2009-2010 Food Colours Used in the Production of Manufactured Foods
The Food Safety Action Plan (FSAP) aims to modernize and enhance Canada's food safety system. As part of the FSAP enhanced surveillance initiative, targeted surveys are used to test various foods for specific hazards.
The main objectives of the food colours survey were:
- To provide baseline surveillance data for synthetic colouring agents in food
- To validate an analytical method for detecting fat-soluble food colouring agents
This survey looked to quantify food colouring agents intentionally added to products, not food colours that were naturally occurring in a commodity. One hundred samples were collected and each sample was analyzed for 194 water-soluble and 18 fat-soluble food colours. No fat soluble colours were detected using the newly validated analytical method; all residues detected were water soluble. Overall, 59% of samples did not contain detectable levels of food colours. Of the remaining 41%, 34 samples contained permitted colours below maximum levels established by the Food and Drugs Act & Regulations and seven samples contained levels of colours that were above the permissible levels and therefore were in violation.

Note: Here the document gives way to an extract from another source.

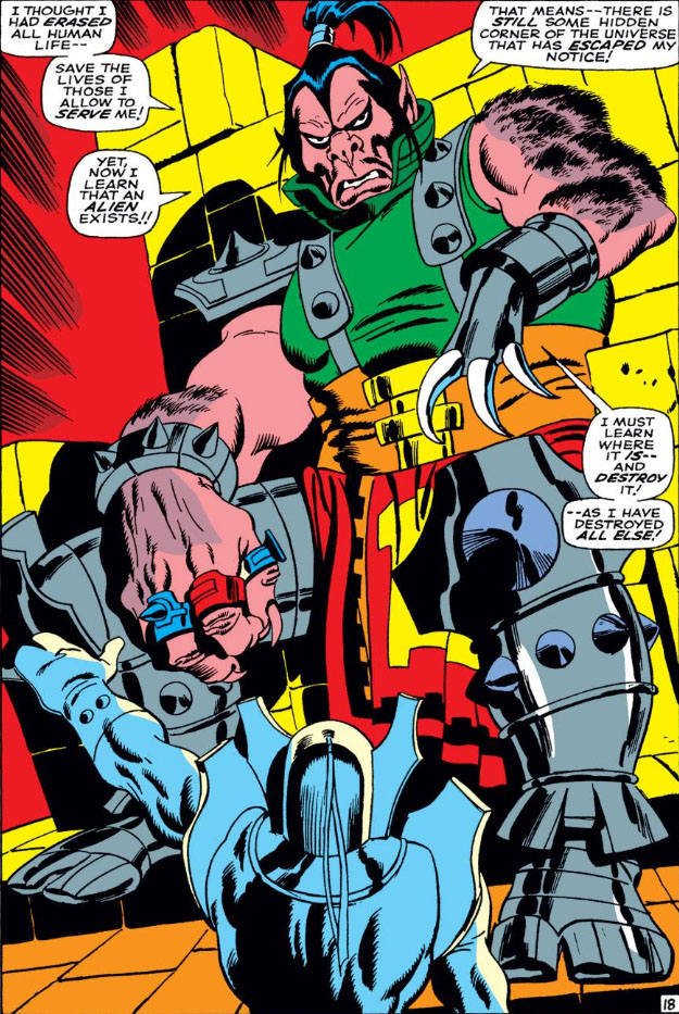 Thankfully, Lee and artist John Buscema don't linger on the wasteland of Earth's surface and allow the Surfer to mourn our fate overlong with what might amount to I-told-you-sos; given the Surfer's short time on our world, and the fact that he's established few ties to its people to speak of, he's really said all there is to say in these brief scenes. The greater story awaits--though, again, we might find that there's another reason Lee chooses to spend only minimal time with this aspect of it.

Of the seven violative samples, four samples contained permitted food colours above maximum levels: chicken tandoori seasoning (USA), lumpfish (USA), horseradish with beets (Canada), and cheddar cheese (Canada). Two samples were in violation due to the presence of non-permitted food colours: almond paste (Belgium) and curing powder (Thailand). The last violative sample, dried papaya (Canada), contained both a permitted colour at levels exceeding regulations and a non-permitted food colour. Appropriate follow up actions were taken for each violative sample.

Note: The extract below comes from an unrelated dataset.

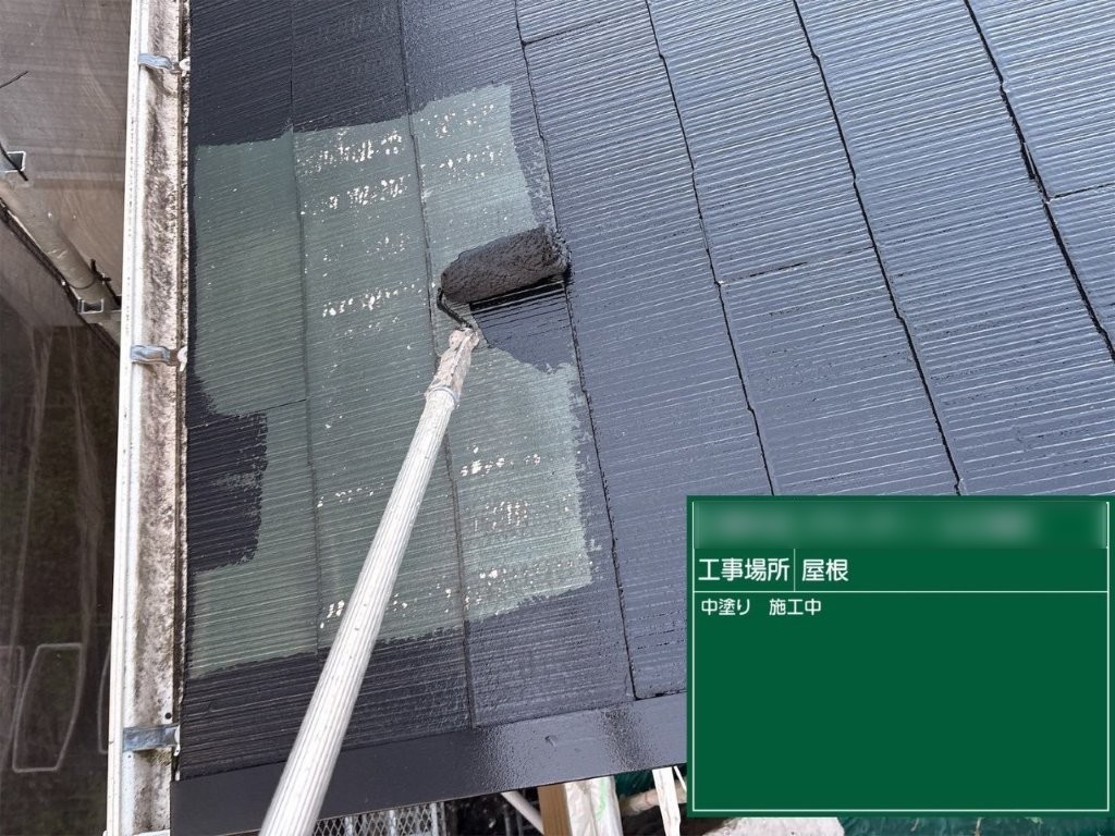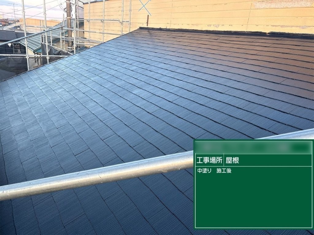 中塗り完了後の写真では、屋根全体の色調が揃い、大きなムラや透けが見られない状態が確認できます。

Many samples contained multiple food colours. Accounting for 93% of colours found in this survey were Sunset yellow, Tartrazine, Brilliant blue, Allura red, and Amaranth. Few food colours were detected in spices & flavours. It should be re-iterated that samples were selected due to their high likelihood of containing food colouring agents, and that prevalence in the food categories selected are not necessarily representative of the prevalence of synthetic food colours in all foodstuffs available at retail. That being said, the food categories sampled for this survey with the highest prevalence of food colours were sweets & jelly, beverages, animal-based foods, and sauces & condiments.
* Curing powder is generally used as a food preservative for meat and fish.